• _ABOUT THIS EXERCISE_: All the lines below need to be transcribed exactly. Pictures get left out.

• _GIVEN DATA_:
────────
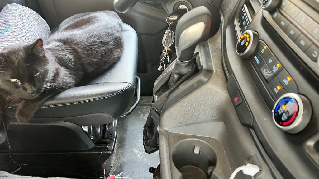 During all this, I kept a close eye on Lister as he tried to stay cool. During the hottest part of the day he started panting, and I knew he wasn’t doing too well. I closed up the van, took off his harness, and put him in front of one of my AC vents. This helped.
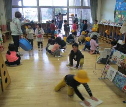 子どもたちも、自分たちの保育室やロッカー、廊下などの雑巾がけをしました。
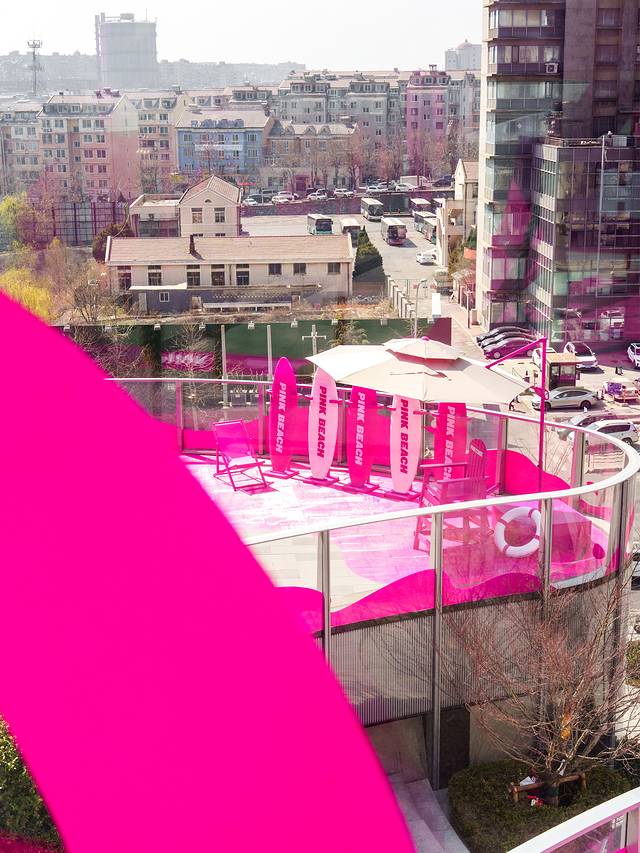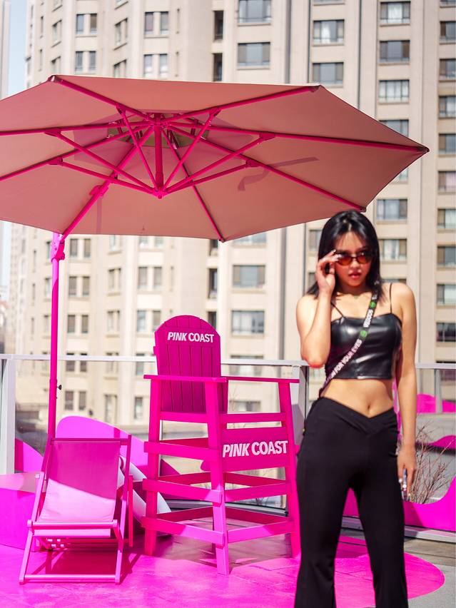 粉色沙滩垫配上休息椅“、各具特色的粉色摊位、一切都太少女啦~整个人置身于梦幻般的粉色世界,万象汇这个美陈装置📷怎么拍都好看
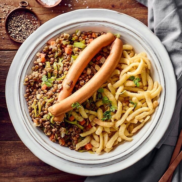 Die Kombination von Linsen und Spätzle ist ein Klassiker der schwäbischen Küche. Das Gericht wird oft mit Saitenwürstchen serviert. Galten Linsen lange Zeit als Arme-Leute-Essen, so kommen die Hülsenfrüchte heute sogar in der Spitzengastronomie zum Einsatz. Bei uns im Südwesten wurden Linsen bereits vor Tausenden Jahren auf der Schwäbischen Alb angebaut. Die anspruchslosen Pflanzen gedeihen auch heute noch gut auf den kargen Böden der Alb. Es ist üblich, die Linsen mit Essig abzuschmecken – die angenehme Säure harmoniert wunderbar mit dem herzhaften Aroma der Hülsenfrüchte.
────────
• _EXERCISE SOLUTION_:
 During all this, I kept a close eye on Lister as he tried to stay cool. During the hottest part of the day he started panting, and I knew he wasn’t doing too well. I closed up the van, took off his harness, and put him in front of one of my AC vents. This helped.
 子どもたちも、自分たちの保育室やロッカー、廊下などの雑巾がけをしました。
 粉色沙滩垫配上休息椅“、各具特色的粉色摊位、一切都太少女啦~整个人置身于梦幻般的粉色世界,万象汇这个美陈装置📷怎么拍都好看
 Die Kombination von Linsen und Spätzle ist ein Klassiker der schwäbischen Küche. Das Gericht wird oft mit Saitenwürstchen serviert. Galten Linsen lange Zeit als Arme-Leute-Essen, so kommen die Hülsenfrüchte heute sogar in der Spitzengastronomie zum Einsatz. Bei uns im Südwesten wurden Linsen bereits vor Tausenden Jahren auf der Schwäbischen Alb angebaut. Die anspruchslosen Pflanzen gedeihen auch heute noch gut auf den kargen Böden der Alb. Es ist üblich, die Linsen mit Essig abzuschmecken – die angenehme Säure harmoniert wunderbar mit dem herzhaften Aroma der Hülsenfrüchte.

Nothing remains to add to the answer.